News (2021-07-23): After rejection by CVPR 2021, our paper is accepted by ICCV 2021. For the sake of fairness, we will not update the trained models in our camera-ready version. However, we may updata the trained models in github.
News (2021-05-18): Add trained BSRGAN model for scale factor 2.
News (2021-04): Our degradation model for face image enhancement: https://github.com/vvictoryuki/BSRGAN_implementation

Training

Download KAIR: git clone https://github.com/cszn/KAIR.git
Put your training high-quality images into trainsets/trainH or set "dataroot_H": "trainsets/trainH"

Train BSRNet

Modify train_bsrgan_x4_psnr.json e.g., "gpu_ids": [0], "dataloader_batch_size": 4
Training with DataParallel

python main_train_psnr.py --opt options/train_bsrgan_x4_psnr.json

Training with DistributedDataParallel - 4 GPUs

python -m torch.distributed.launch --nproc_per_node=4 --master_port=1234 main_train_psnr.py --opt options/train_bsrgan_x4_psnr.json  --dist True

Train BSRGAN
1. Put BSRNet model (e.g., '400000_G.pth') into superresolution/bsrgan_x4_gan/models
2. Modify train_bsrgan_x4_gan.json e.g., "gpu_ids": [0], "dataloader_batch_size": 4
3. Training with DataParallel
```
python main_train_gan.py --opt options/train_bsrgan_x4_gan.json
```
1. Training with DistributedDataParallel - 4 GPUs
```
python -m torch.distributed.launch --nproc_per_node=4 --master_port=1234 main_train_gan.py --opt options/train_bsrgan_x4_gan.json  --dist True
```
Test BSRGAN model 'xxxxxx_E.pth' by modified main_test_bsrgan.py
1. 'xxxxxx_E.pth' is more stable than 'xxxxxx_G.pth'

✨ Some visual examples: oldphoto2; butterfly; comic; oldphoto3; oldphoto6; comic_01; comic_03; comic_04

Testing code
Main idea
Comparison
More visual results on RealSRSet dataset
Visual results on DPED dataset
Citation
Acknowledgments

Testing code

main_test_bsrgan.py
model_zoo (Download the following models from Google drive or 腾讯微云).
- Proposed:
  - BSRGAN.pth [Google drive] [腾讯微云] 🌱
  - BSRNet.pth [Google drive] [腾讯微云] 🌱
- Compared methods:
  - RRDB.pth ---> original link
  - ESRGAN.pth ---> original link
  - FSSR_DPED.pth ---> original link
  - FSSR_DPED.pth ---> original link
  - RealSR_DPED.pth ---> original link
  - RealSR_JPEG.pth ---> original link

Main idea

Design a new degradation model to synthesize LR images for training:

1) Make the blur, downsampling and noise more practical
- Blur: two convolutions with isotropic and anisotropic Gaussian kernels from both the HR space and LR space
- Downsampling: nearest, bilinear, bicubic, down-up-sampling
- Noise: Gaussian noise, JPEG compression noise, processed camera sensor noise
2) Degradation shuffle: instead of using the commonly-used blur/downsampling/noise-addition pipeline, we perform randomly shuffled degradations to synthesize LR images

Some notes on the proposed degradation model:

The degradation model is mainly designed to synthesize degraded LR images.

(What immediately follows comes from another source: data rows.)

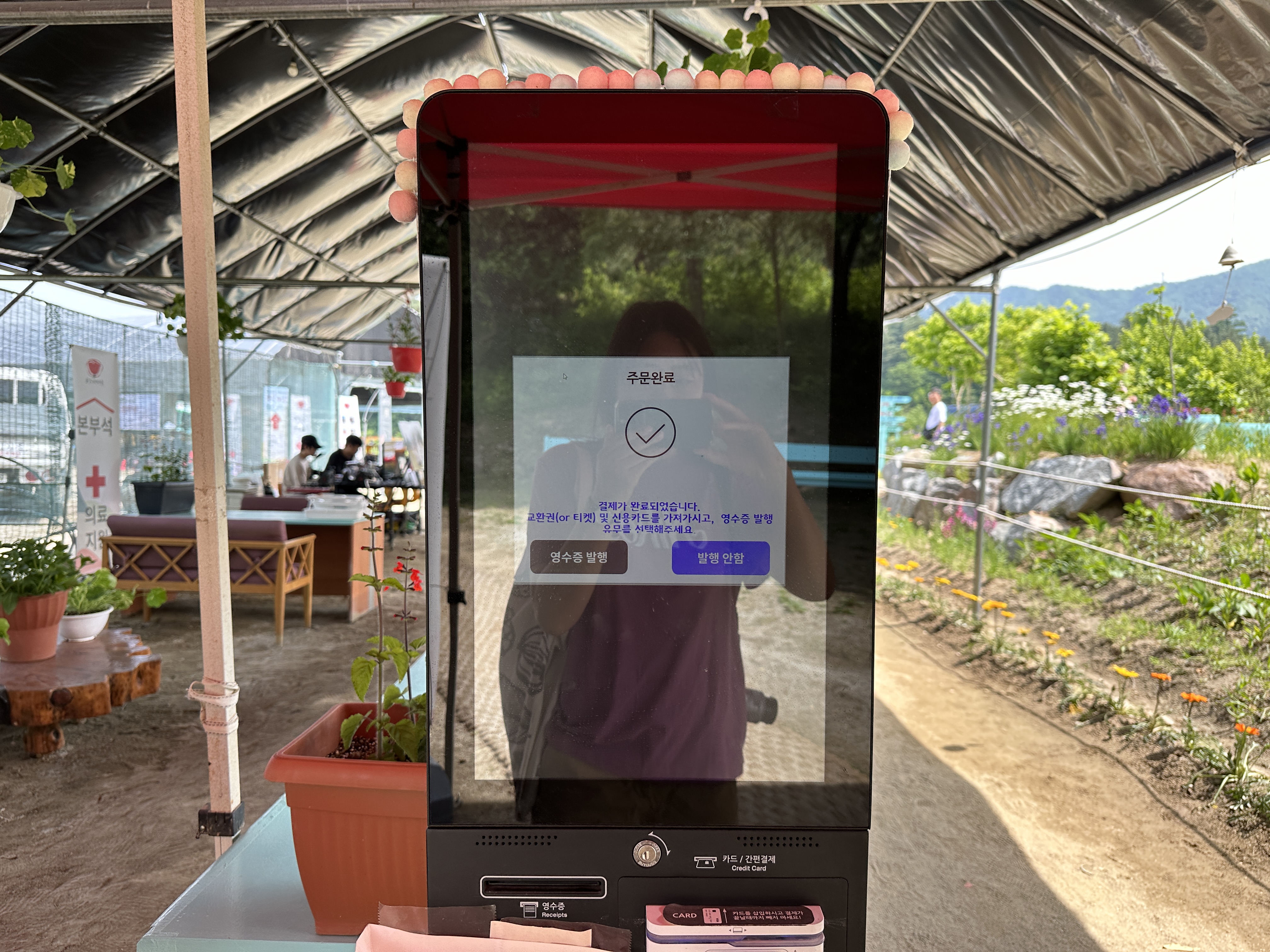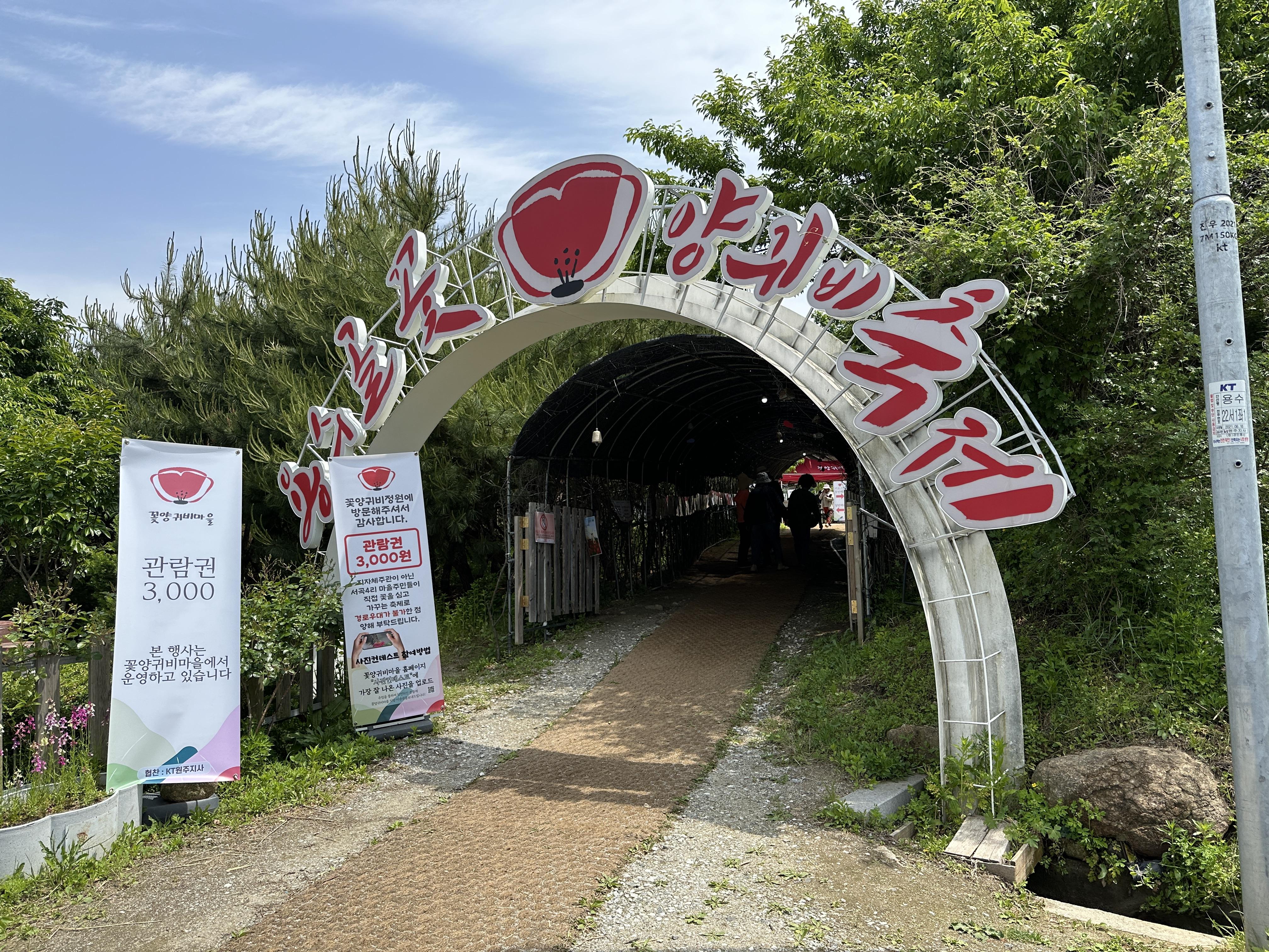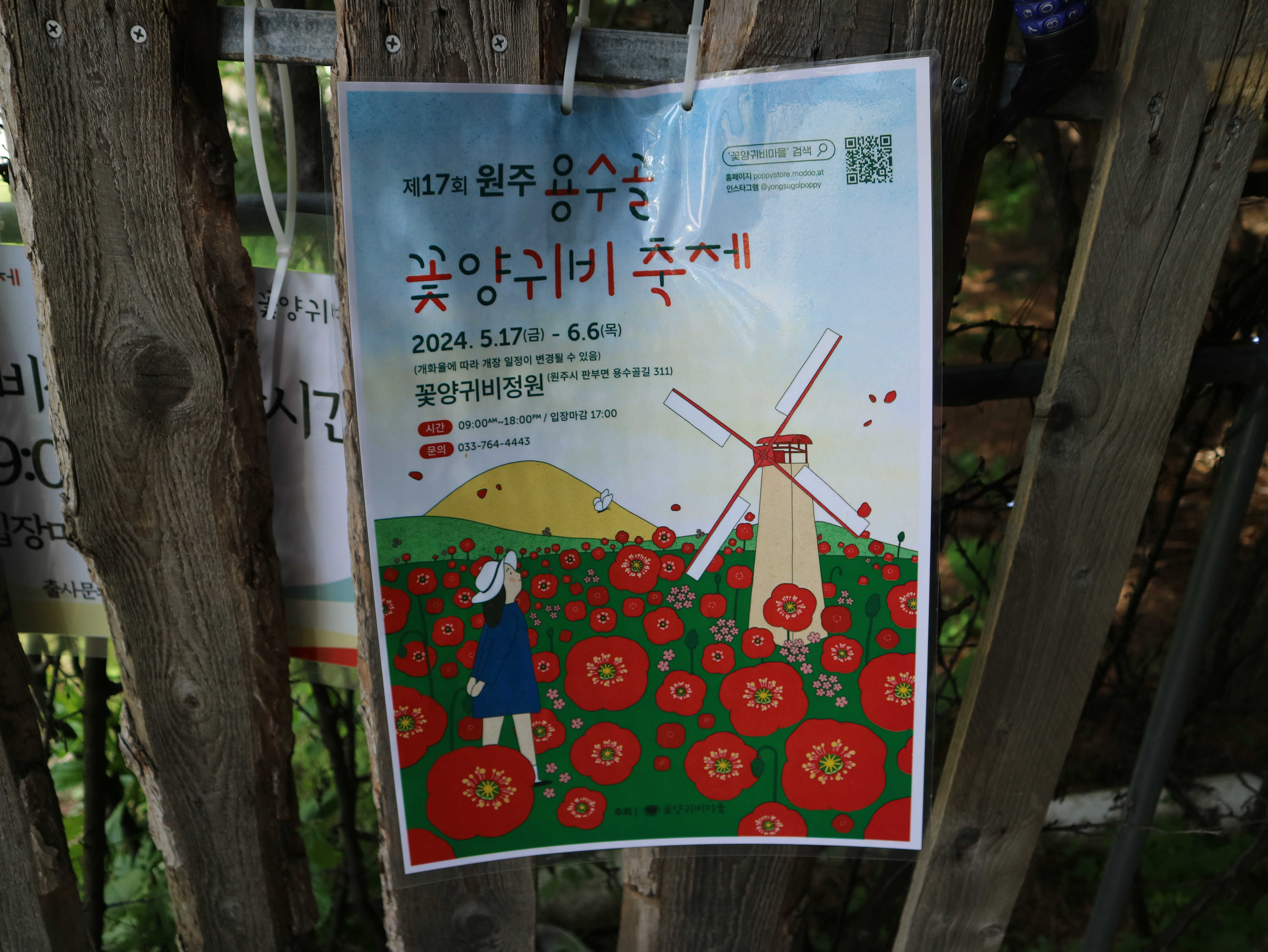 매표소까지 이어진 짧은 통로에는 지역 어린이들이 쓰고 그린 시화들이 전시되어 있었습니다. 어린이들도 참여하는 동네 잔치 느낌이었습니다. 통로를 지나면 안쪽에 간이 매표소가 있었는데요. 무인으로 입장권 구입할 수 있는 키오스크가 한 대 있고, 안내원에게서 일반 매표를 할 수도 있었습니다. 관람료는 3,000원입니다. 지역 축제를 가 보면 관람권 요금의 일부나 전액을 지역 상품권으로 돌려주어 현장에서 사용할 수 있는 경우가 많은데요. 용수골꽃양귀비축제는 페이백 행사는 따로 없었습니다. 아마 지역주관이 아니라 마을에서 운영해서 그런 듯했습니다.
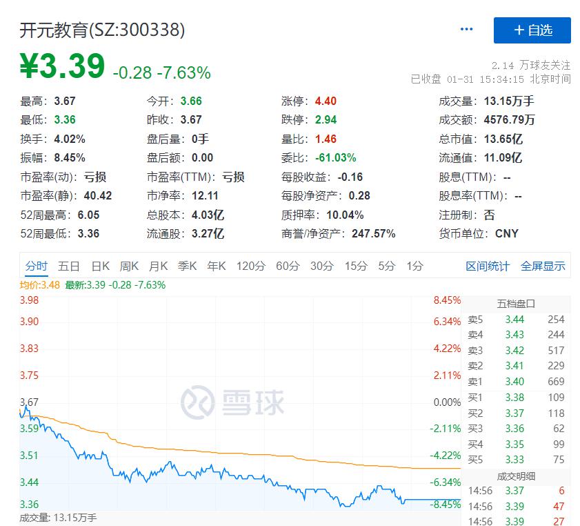 业绩预告发出后,截至 1 月 31 日,开元教育股价跌至 3.39 元 / 股,大跌 7.63%,创造了 52 周新低。
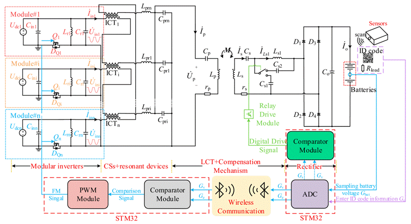 (1)模块化并联与电压调节:系统通过N个单开关逆变器模块并联组成主功率单元,每个模块包含直流输入滤波电容(Cini)、功率MOSFET(Qi)、LC并联谐振电感(Lri)与电容(Cri),通过调节并联模块数(n)与工作频率(80--90 kHz,参考SAE J2954标准),可实现220 V、330 V等多电压级输出,无需改动电路结构即可适配不同机器人的充电电压需求。
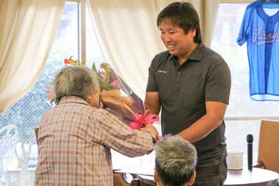 今回は「SOMPO認知症サポートデー」の一環として、台風15号で停電の被害に遭われた千葉県千葉市の老人ホーム「SOMPOケア そんぽの家 都賀」と船橋市の「SOMPOケア ラヴィーレ津田沼」に、元千葉ロッテの里崎智也氏が慰安訪問し、トークショーが行われた。
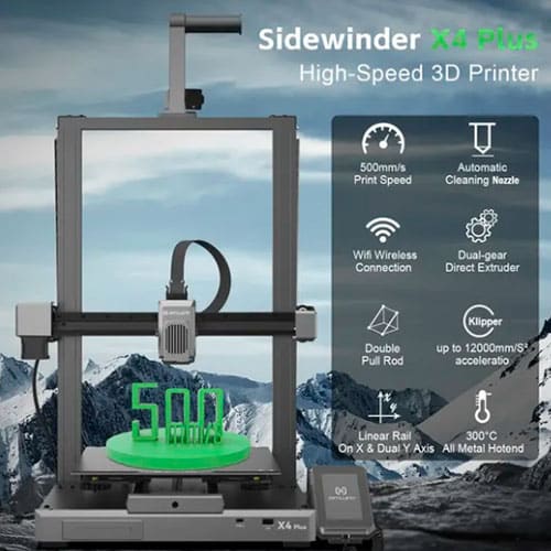 Ya sea para materializar tus proyectos más ambiciosos, para uso educativo o para explorar el vasto mundo de la impresión 3D, la Artillery SideWinder X4 Plus se posiciona como una elección inteligente, combinando alta calidad, rendimiento excepcional y una experiencia de usuario sin complicaciones. Sumérgete en la era de la impresión 3D con la Artillery X4 Plus y da vida a tus ideas con precisión y creatividad.
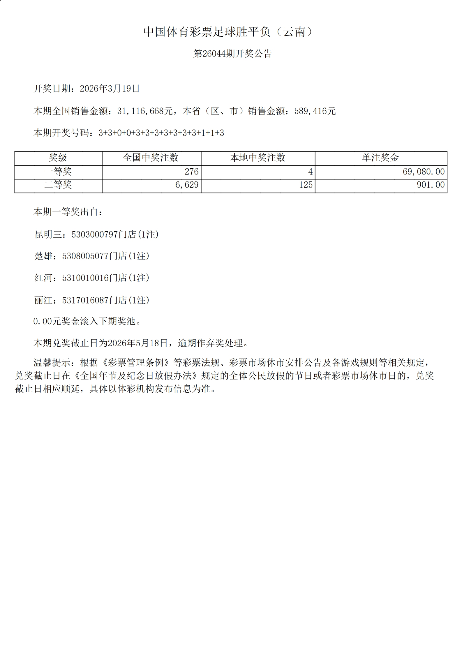 中国体育彩票温馨提示:购彩有节制,请理性投注!未满18周岁的未成年人不得购买彩票及兑奖!
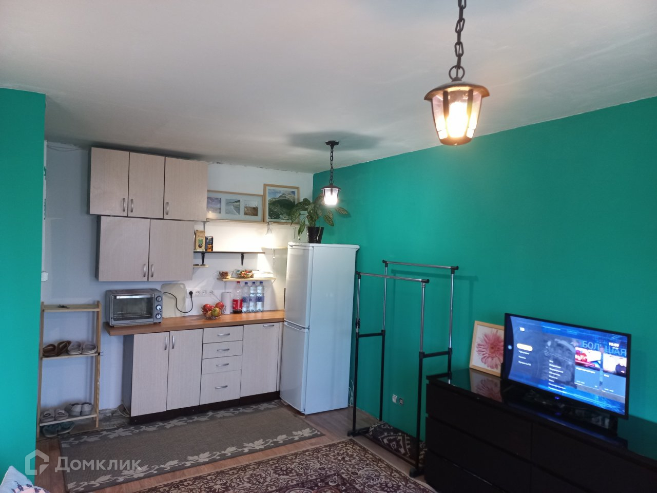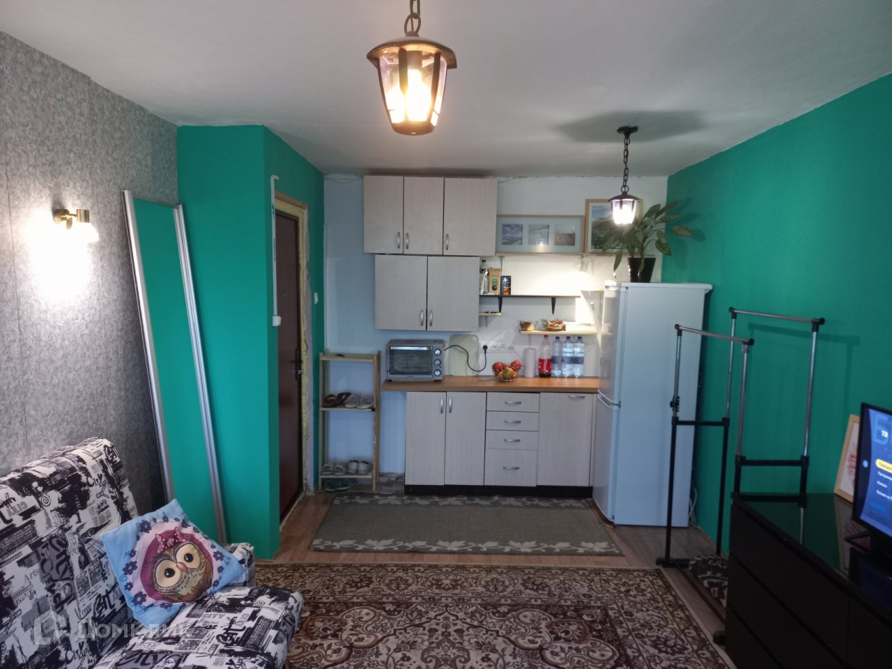 Сделан свежий косметический ремонт. Есть необходимая мебель и техника: раскладной диван, шкаф, холодильник,  кухонный гарнитур, ст.машина, большое зеркало.

Its most direct application is to train a deep blind super-resolver with paired LR/HR images. In particular, the degradation model can be performed on a large dataset of HR images to produce unlimited perfectly aligned training images, which typically do not suffer from the limited data issue of laboriously collected paired data and the misalignment issue of unpaired training data.
The degradation model tends to be unsuited to model a degraded LR image as it involves too many degradation parameters and also adopts a random shuffle strategy.
The degradation model can produce some degradation cases that rarely happen in real-world scenarios, while this can still be expected to improve the generalization ability of the trained deep blind super-resolver.
A DNN with large capacity has the ability to handle different degradations via a single model. This has been validated multiple times. For example, DnCNN is able to handle SISR with different scale factors, JPEG compression deblocking with different quality factors and denoising for a wide range of noise levels, while still having a performance comparable to VDSR for SISR. It is worth noting that even when the super-resolver reduces the performance for unrealistic bicubic downsampling, it is still a preferred choice for real SISR.
One can conveniently modify the degradation model by changing the degradation parameter settings and adding more reasonable degradation types to improve the practicability for a certain application.

Comparison

These no-reference IQA metrics, i.e., NIQE, NRQM and PI, do not always match perceptual visual quality [1] and the IQA metric should be updated with new SISR methods [2]. We further argue that the IQA metric for SISR should also be updated with new image degradation types, which we leave for future work.

[1] "NTIRE 2020 challenge on real-world image super-resolution: Methods and results." CVPRW, 2020.
[2] "PIPAL: a large-scale image quality assessment dataset for perceptual image restoration." ECCV, 2020.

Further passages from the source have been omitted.